Fakt ist: Bei beiden Teams tat sich kein echter Held hervor, der dem Spiel seinen Stempel aufgedrückt hätte. Auch war niemand zu sehen, der eine sehr gute Saisonleistung mit einer Gala in Budapest gekrönt hätte. Es war ein eher „normales“ Finale. Das an sich ist natürlich nicht schlimm, doch die Stimmberechtigten sollten eine Schlussfolgerung ziehen.

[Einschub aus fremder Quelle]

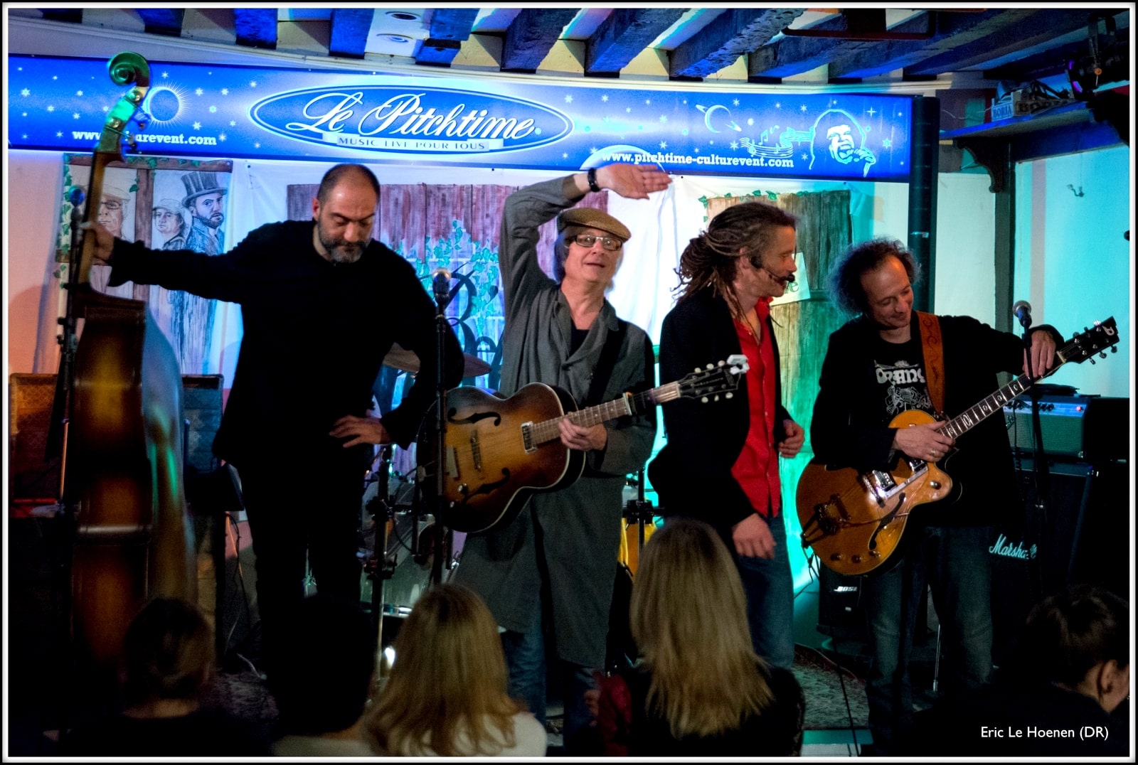 Dès le premier titre, ils donnent le ton, avec une bien bonne recette mixant les ingrédients raffinés de la contrebasse, des guitares, de la voix d’Hervé et de la complicité de Rico. Je ne vous parle pas des tenues, disons même “costumes”, qui ajoutent une touche de magie, une grandeur supplémentaire à ce set.

Kane und Olise – wer soll sonst Sieger sein?

Sie lautet: Auch Profis, die es mit ihren Teams nicht ins Endspiel geschafft haben, sind ernsthafte Kandidaten auf den goldenen Ball – allen voran Harry Kane und Michael Olise.

Die beiden Bayern-Stars haben eine konstante Saison auf sehr hohem Niveau gespielt und selbst neutrale Fans immer wieder begeistert.

Sicher, es steht noch die Weltmeisterschaft an, bei der sie ebenfalls abliefern müssen – doch nach aktuellem Stand kann man getrost sagen: Gebt einem von beiden den Ballon d’Or! Wer soll bitte sonst der Sieger sein?

Titel in der Champions League nicht mehr als ein Indiz

Die Ehrung, die Ende Oktober erstmals in London stattfindet, ist seit jeher Vorlage für viele Diskussionen. Jetzt hätten die stimmberechtigten Journalistinnen und Journalisten die Möglichkeit, den Blick zu weiten und damit dem Vorwurf der Kungelei zu begegnen.

Zu einem guten Teil auf die Spieler des Champions-League-Siegers zu schauen, ist berechtigt. Doch mehr als ein Indiz ist der Titel nicht.

Auch ohne ihn kann man den Ballon d’Or verdient haben. Bei Kane und Olise ist das der Fall.